WHAT IS EXPECTED ->
With the pictures removed, write out the data below exactly.

** DATA PROVIDED follows **

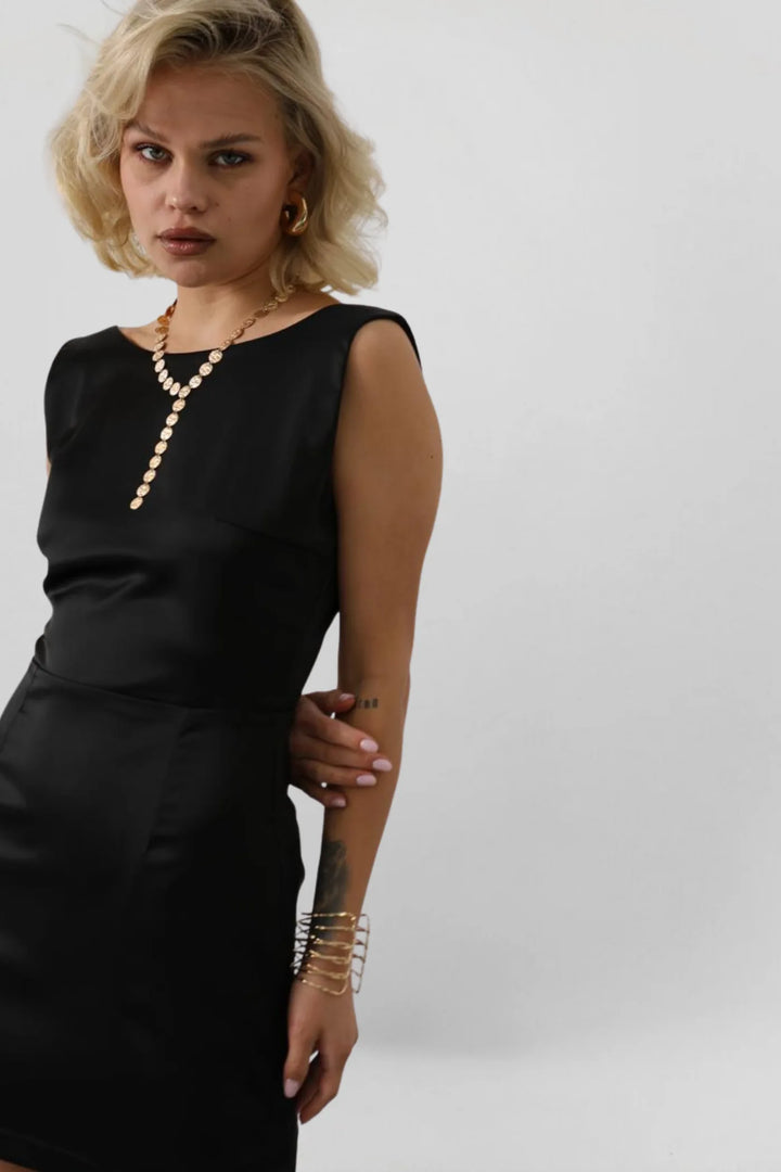 Make a bold statement in the Satin Mini Dress, a sleek and sultry piece designed to turn heads.
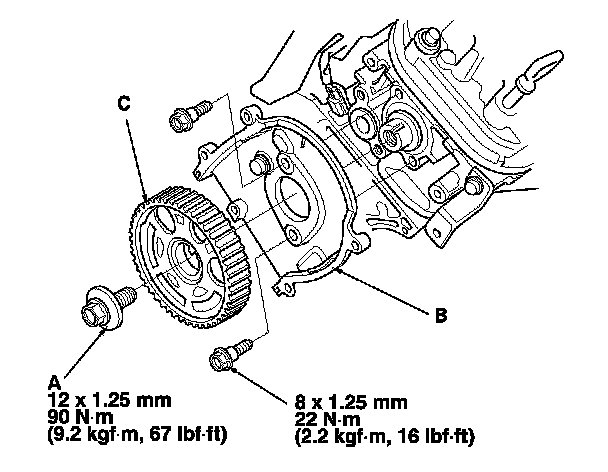 14. Apply new engine oil to the threads of the camshaft pulley mounting bolt (A). Install the back cover (B), then install the camshaft pulley (C).
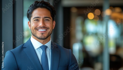 Smiling elegant confident young professional Latino hispanic business man , male proud leader, smart Latin businessman lawyer or company manager executive looking at camera standing in office
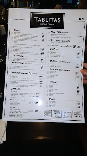 Read moreFui a comer con mi familia, pensando que por el nombre venderian “Tablitas de fiembres”, cosa que no habia. Pedimos otra cosa, los platos abundantes. La atención buena, tiempo desde que pedis hasta que traen los platos es relativamente rapida. no puedo opinar de la ambientación ya que comimos afuera. Los precios bastante altos, debe ser por la ubicación en la peatonal. El WIFI es nulo prácticamente a la hora de necesitarlo para pagar en caso de quedarse sin señal por la cantidad de gente en la zona. No toman pagos con tarjetas de credito. Únicamente Efectivo, Debito y...
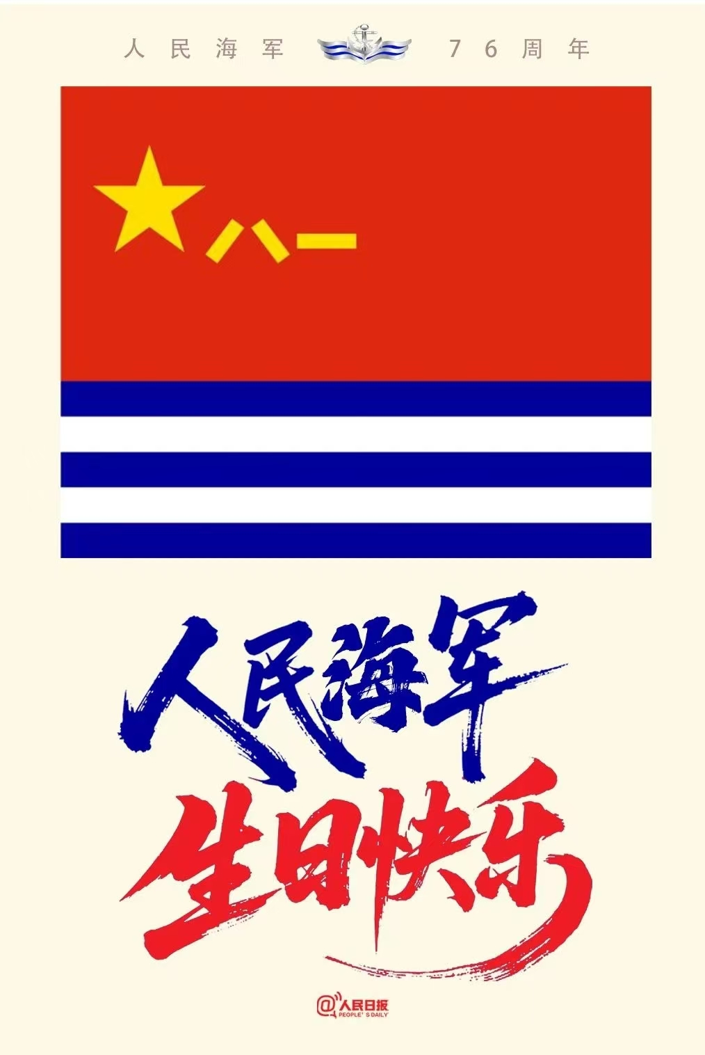 今天(4月23日),是人民海軍成立76周年紀念日。76年來,人民海軍從小到大、由弱到強。從小艇到巨艦,從近岸到深藍,從單兵到體系,守衛祖國海空,守護萬家燈火。
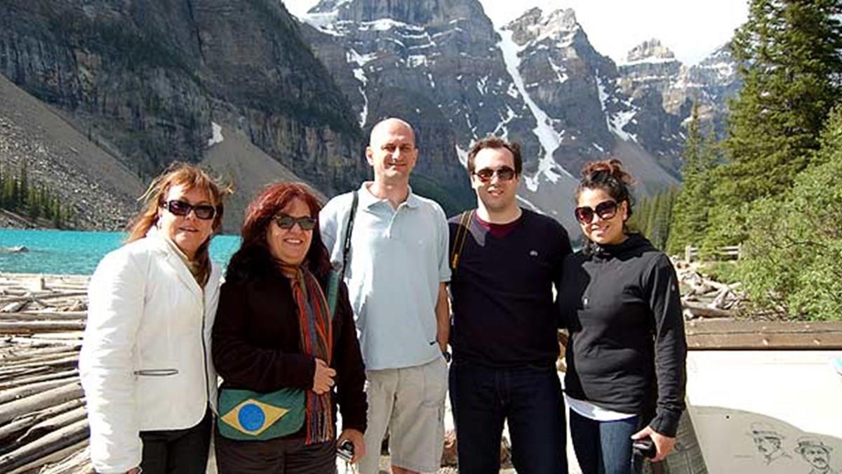 O terceiro dia dos operadores foi marcado pela visita ao Sulphur Mountain Gondola, um local onde é possível realizar eventos e ter uma vista fantática da cidade de Banff. “Isto é um diferencial para quem vende grupos de incentivo ou quer um coquetel de boas vindas para grupos”, explicou a diretora de Desenvolvimento do Brewster, Tanya Chamberland. Porém, antes de conhecer um novo produto que pode ser comercializado para os brasileiros, o grupo fez uma parada para fotos no Ten Pics, conjunto de dez montanhas à beira do Moraine Lake.
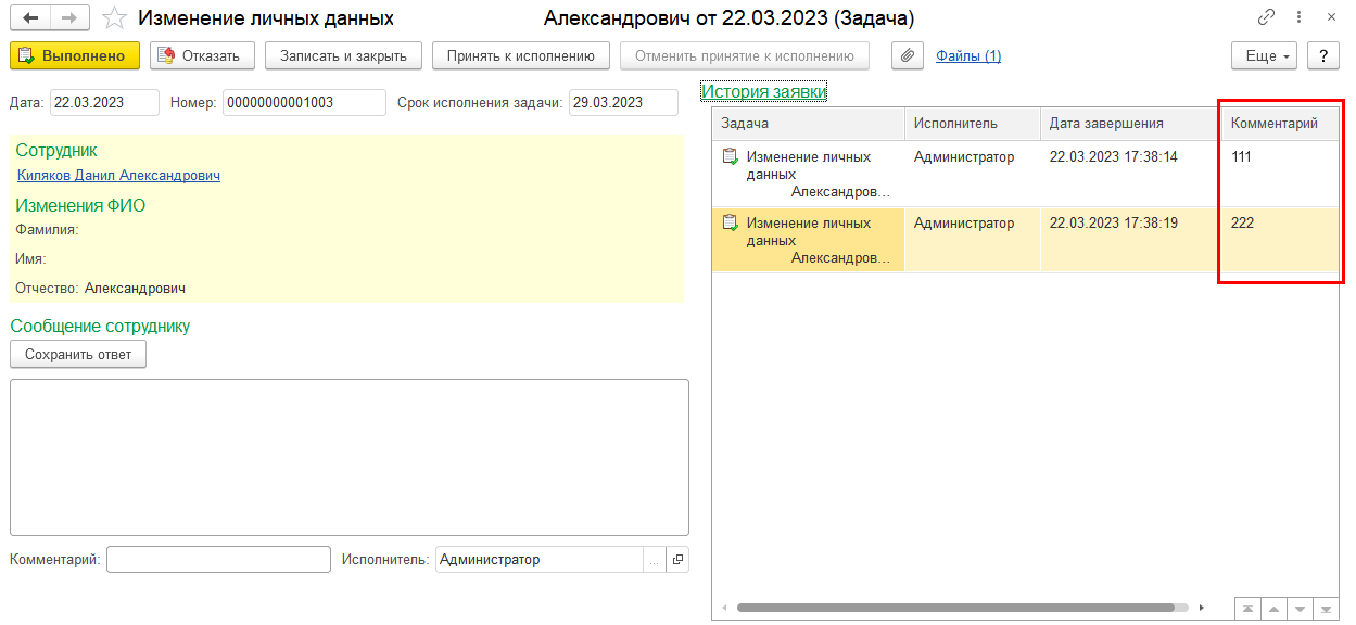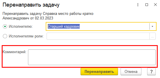 Реализовано отображение на форме заявки комментария из окна перенаправления заявки на другого сотрудника.
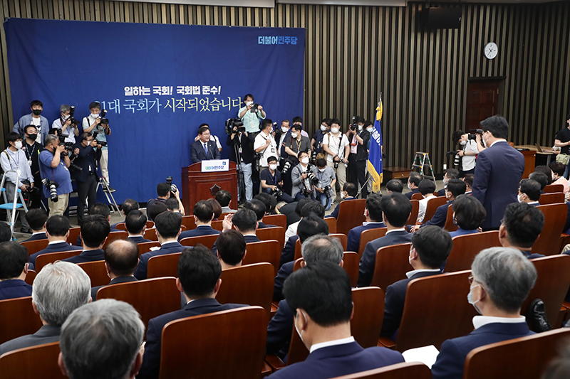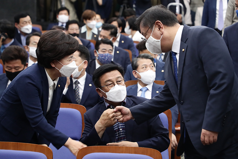 이해찬 당대표가 2020.06.08.(월) 국회 본청 246호에서 열린 의원총회에 참석하여 모두발언을 하고 있다.

** End of DATA PROVIDED **

YOUR RESPONSE ->
 Make a bold statement in the Satin Mini Dress, a sleek and sultry piece designed to turn heads.
 14. Apply new engine oil to the threads of the camshaft pulley mounting bolt (A). Install the back cover (B), then install the camshaft pulley (C).
 Smiling elegant confident young professional Latino hispanic business man , male proud leader, smart Latin businessman lawyer or company manager executive looking at camera standing in office
 Read moreFui a comer con mi familia, pensando que por el nombre venderian “Tablitas de fiembres”, cosa que no habia. Pedimos otra cosa, los platos abundantes. La atención buena, tiempo desde que pedis hasta que traen los platos es relativamente rapida. no puedo opinar de la ambientación ya que comimos afuera. Los precios bastante altos, debe ser por la ubicación en la peatonal. El WIFI es nulo prácticamente a la hora de necesitarlo para pagar en caso de quedarse sin señal por la cantidad de gente en la zona. No toman pagos con tarjetas de credito. Únicamente Efectivo, Debito y...
 今天(4月23日),是人民海軍成立76周年紀念日。76年來,人民海軍從小到大、由弱到強。從小艇到巨艦,從近岸到深藍,從單兵到體系,守衛祖國海空,守護萬家燈火。
 O terceiro dia dos operadores foi marcado pela visita ao Sulphur Mountain Gondola, um local onde é possível realizar eventos e ter uma vista fantática da cidade de Banff. “Isto é um diferencial para quem vende grupos de incentivo ou quer um coquetel de boas vindas para grupos”, explicou a diretora de Desenvolvimento do Brewster, Tanya Chamberland. Porém, antes de conhecer um novo produto que pode ser comercializado para os brasileiros, o grupo fez uma parada para fotos no Ten Pics, conjunto de dez montanhas à beira do Moraine Lake.
 Реализовано отображение на форме заявки комментария из окна перенаправления заявки на другого сотрудника.
 이해찬 당대표가 2020.06.08.(월) 국회 본청 246호에서 열린 의원총회에 참석하여 모두발언을 하고 있다.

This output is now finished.